3.yılın son günü, yani "G" günü gelir...
Ve sürpriz!
Alice ile aşkta "G" günü, bitiş değil başlangıçtır.
Balear Adaları'ndan birinde... Bilinç altlarındaki "3 yıllık tükeniş taksimetresini" kapatarak 4.yılı kucaklarlar...
O hızla Frederic Beigbeder'in ikinci kitabı 3 bin 900 TL'ye daldım. (Aslı "99 Franc")
TÜYAP Kitap Fuarı'nda iğne atılsa yere düşmeyecek bir kalabalık.
Giriş için yağmur altında kuyruk uzanıyor.

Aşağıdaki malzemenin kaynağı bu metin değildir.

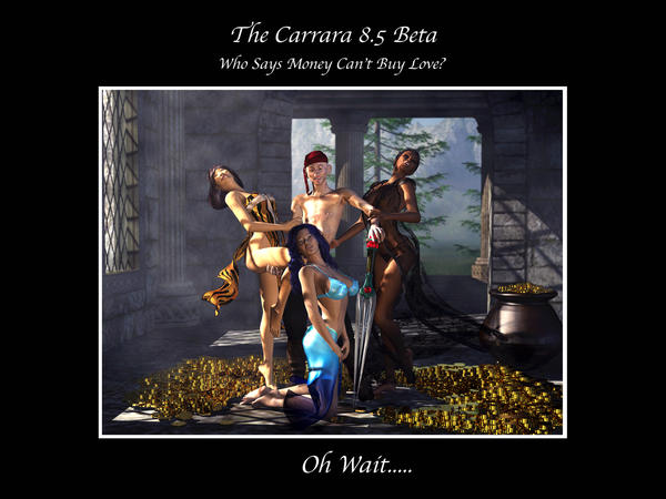 In the meantime, here's one that I did a while ago as a joke advertisement for Carrara 8. I had originally posted it on the old forums, where you had the ability to tag for nudity. I've modified this version and re-rendered with no bare breasts. >:(

Hem de bu krizde...
Beigbeder, Selim İleri ve Ahmet Oktay'ın Doğan Hızlan yönetimindeki söyleşileri...
Konu: "Her roman bir otobiyografidir."
Beigbeder'in bu iki kitabı da zaten bir bakıma otobiyografi... (Doğan Kitap Yayınları)
Ayrılık sonrası için müzik reçetesi...
Beigbeder, "Efkar Karması" adını verdiği bir müzik listesi sunuyor:
İşte bir kaçı:
"- Cat Stevens'tan 'Trouble' (10 defa)
- Joe Dassin'den 'Et si tu n'existais pas' (5 defa)
- REM'den 'Everybody hurts' (5 defa)
- Michel Berger'den 'Quelques mots d'amour' yani 'Birkaç aşk sözcüğü' (40 defa ama bu 'aşk' sözcüğünü fazla kullanmayın)
- Randy Newman'dan 'Living without you' (100 defa)
- Ludwig van Beethoven'den 'Kreutzer Sonat' (6 bin defa)"
Efkar Karması'na bizden de öneriler:
"- Mirkelam'dan 'Unutulmaz'
- Sezen'den 'Git' ve 'Kaybolan yıllar'
- Ajda Pekkan'dan 'Arkanı dön ve çık'
- Candan Erçetin'den 'Unut sevme beni'
- Timur Selçuk'dan 'Yollarımız burada ayrılıyor'
- Orhan Gencebay'dan 'Ben zaten her acının tiryakisi olmuşum' (damardan)"
Aşkta "son" sarsıntınızın richter ölçeğine göre, kaçar defa dinleyeceğinize siz karar verin!
Ve Elhamra'da Karşı Sanat tarafından Türkan Şoray'ın sergisi...
"Her yaşam bir roman" bağlamında, "Türk ikonası" mesajının verildiği bu sergi, Türkiye insanının "Sultan tutkusu" için hormon salgısının hep süreceğini vurguluyor.
Görülmeli...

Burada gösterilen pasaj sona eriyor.